Implications for AI Companies
This ruling delivers a clear wake-up call to AI companies playing fast and loose with copyrighted material. If you thought training your shiny new AI model on someone else’s carefully curated data without a license was a safe bet—think again.
1. Increased Legal Risks for AI Training For AI companies, the days of “we’re just training on it, not copying it” may be numbered. This decision makes it clear that courts will scrutinize whether AI models are being built on copyrighted works without permission. The old argument that training data is mere “input” is looking shakier by the day, especially when the AI’s purpose competes directly with the copyright holder. Expect more lawsuits, more scrutiny, and fewer free rides when it comes to data scraping.
2. Copyright Holders Are Now the Gatekeepers For companies with treasure troves of structured information—think Westlaw, Bloomberg, or LexisNexis—this ruling is like Christmas morning. They now have even more leverage to demand licensing fees from AI startups, who will no longer be able to claim fair use as a magic shield. AI firms that were banking on quietly repurposing third-party data will need to rethink their strategy—or open their wallets.

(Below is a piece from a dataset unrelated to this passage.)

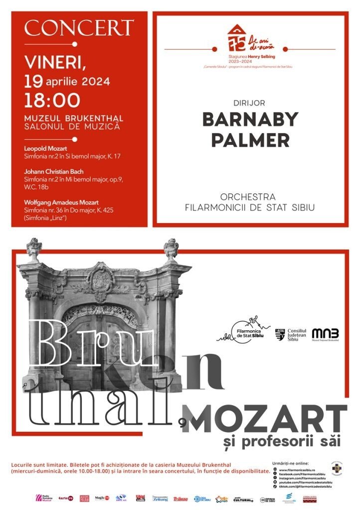 Pentru această săptămână, dirijorul Barnaby Palmer pregătește împreună cu orchestra Filarmonicii de Stat Sibiu un concert educativ care va avea loc vineri, de la orele 10.00, în Salonul de Muzică Brukenthal, cu Simfonia nr. 36 „Linz” – scrisă de genialul W.A. Mozart în doar patru zile. Apoi, la orele 18.00, publicul matur este invitat să audieze aceeași simfonie, dar și Simfonia nr. 2 în Si bemol major, K. 17, de Leopold Mozart, care a fost mult timp atribuită fiului acestuia, W.A. Mozart, precum și Simfonia nr. 2 în Mi bemol major, op. 9, W.C. 18n de Johann Christian Bach, maestrul care l-a învăţat compoziţie pe Wolfgang Amadeus pe când acesta din urmă avea doar 8 ani. Biletele pentru cele două concerte se pot achiziționa la intrare, la prețul de 20 lei (acces general). Locurile sunt limitate.

3. AI Companies Will Need to Play Nice The free-for-all days of AI data collection are ending. With courts treating editorial compilations as protectable intellectual property, AI developers have two choices: forge legitimate licensing agreements or spend a fortune litigating. More likely, we’ll see an industry shift toward partnerships, where startups must negotiate for access instead of skirting legal lines. While this might curb innovation in the short term, it’s a reminder that the “move fast and break things” approach doesn’t always work in the legal world—especially when what you’re breaking is someone else’s copyrighted work.
At the end of the day, AI companies will need to play by the rules or brace for legal battles. The future of AI training just got a little more expensive—and a lot more complicated.